Submit Results
CSV format
Create a CSV file named <device-slug>.csv with these columns:
device_id,kernel_id,dtype,input_shape,batch_size,impl_lang,latency_us,driver_version,toolchain,git_sha,submitter
nvidia-h100-sxm,softmax,f32,"[64, 1024]",1,cuda,12.3,CUDA 12.4,nvcc 12.4,abc1234,your-name
Steps
- Fork the pu-rs.org repo
- Add your CSV to
submissions/ - Open a pull request
- CI validates format and sanity checks
- Maintainers review and merge
Requirements
- Minimum 20 runs per (kernel, shape) pair
- Report median latency
- Include driver version and toolchain
- Device must exist in
db/seed_devices.sql(or add it in the same PR)
Running the benchmark
All benchmark scripts live in this repo under scripts/.
# Metal (Apple Silicon)
# Requires: ascend_metal_kernels Python module
# (build: cd ascend-rs/crates/ascend_metal_py && maturin develop --release)

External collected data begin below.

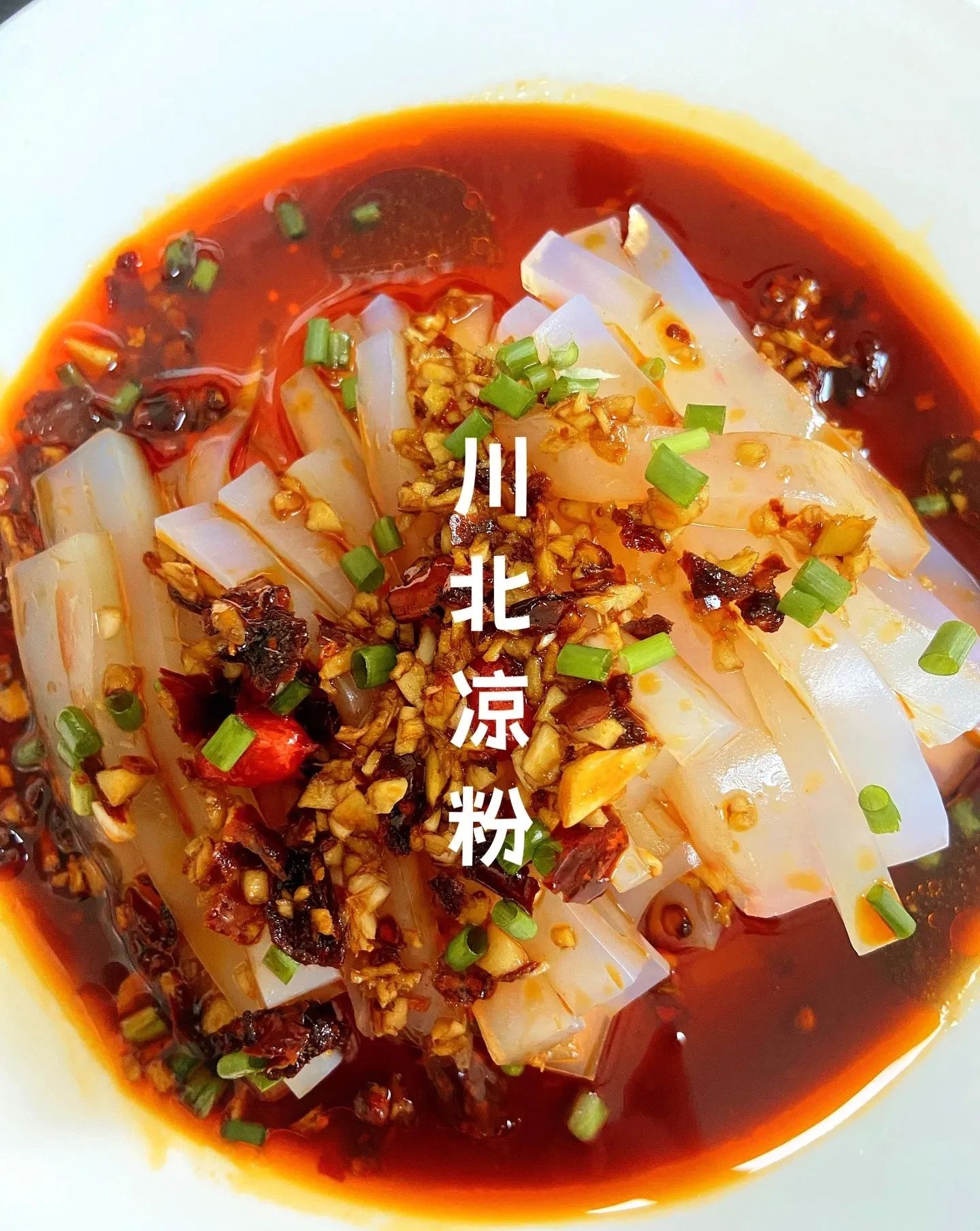 - **特点**:川北凉粉是南充的传统小吃,以豌豆或绿豆为原料制成,口感爽滑,搭配麻辣调料,酸辣开胃。
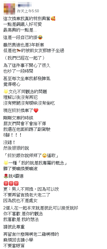 原PO在臉書《爆廢公社二館》曬出新車,表示老公開的奧迪雖然只開3年,還算是新車,但她不爽兩人交往期間,奧迪副駕駛座被對方前女友坐過,為此多次爭吵,甚至每次坐車時怒火就會湧上心頭,「我都發脾氣,覺得噁心」。
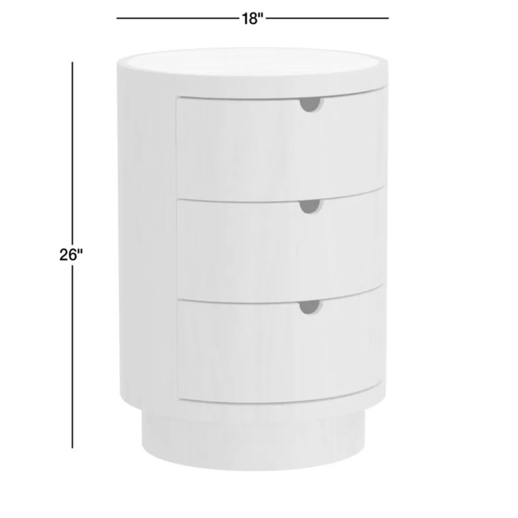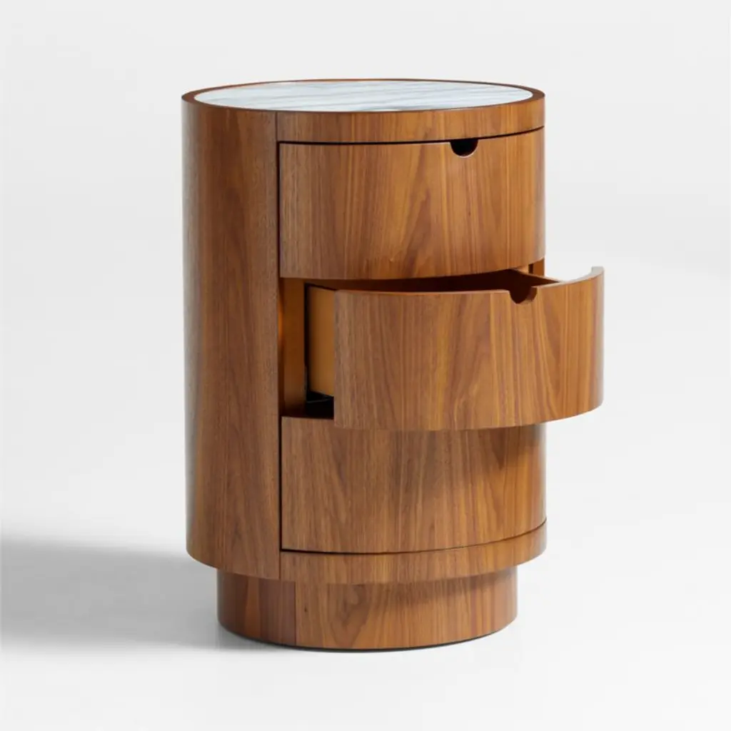 Simple in shape but super impactful in execution, our Gracia nightstand defies expectations. Beautifully grained walnut veneer makes the rounds on the circular plinth base and cylindrical frame, with three drawers flush to the contours with finger pull cutouts. The drama doesn't stop there: an inset top of Arabascato marble wows with cool grey veining with hints of gold unique to each piece. Our Gracia nightstand is the perfect accent to take your bedroom decor in a bold new direction.
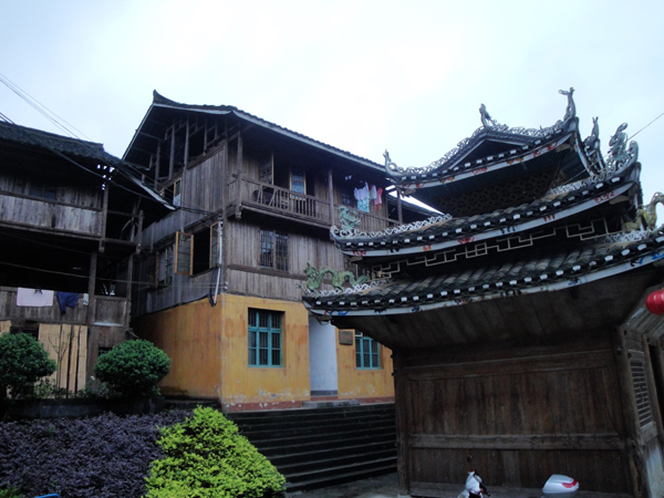 寨里建有兩坐鼓樓,相距二十米,分別為頭寨鼓樓和尾寨鼓樓,有人稱之為龍鳳鼓樓。位于現(xiàn)戲臺兩側(cè)。鼓樓是侗族特有的民族文化象征和標志。哪里有侗族,哪里就有鼓樓。鼓樓飛閣垂檐,內(nèi)部由四根巨大的杉木貫頂,與周圍的木柱、橫梁組成復雜的網(wǎng)狀結構,層層而上呈寶塔形狀。侗族建筑師技藝高超,幾十米高的鼓樓建造不用圖紙,主材尺度確定后,其它材料的長短按秘傳口訣即可算出,憑著一根丈桿,一支墨筆,錯綜復雜的金瓜梁枋、斗拱支柱,以杉木開糟穿榫插接而成,不用一釘一鉚,銜接絲毫不差,歷經(jīng)風雨,百年不倒。為了裝飾、防腐,在鼓樓的外額上彩繪或泥塑龍鳳鳥獸、古今人物,以及侗族生活風情的油飾圖案,造型栩栩如生,內(nèi)容琳瑯滿目。鼓樓是侗族人民娛樂、儀事的公共場所,為侗族多元文化之載體。樓中最高層的中心擺設一樺樹牛皮大鼓,凡有重大事宜商議,起款定約,則擊鼓以號召群眾。

ASCEND_METAL_KERNELS=1 python3 scripts/bench_metal.py --device apple-m2-max-38
ASCEND_METAL_KERNELS=1 python3 scripts/bench_metal.py --device apple-m4-max-40 -o submissions/m4-max.csv
# Ascend NPU (Huawei 910B/910C)
# Requires: CANN SDK + ascend-rs repo cloned locally
bash scripts/bench_ascend.sh --device huawei-910b
bash scripts/bench_ascend.sh --device huawei-910c --only softmax --ascend-rs ~/ascend-rs
Supported backends
| Backend | Script | Prerequisites |
|---|---|---|
| Apple Metal | scripts/bench_metal.py | ascend_metal_kernels Python module (build instructions) |
| Huawei Ascend | scripts/bench_ascend.sh | CANN SDK + ascend-rs repo |
| NVIDIA CUDA | scripts/bench_cuda.py | Planned |
| AMD ROCm | scripts/bench_rocm.py | Planned |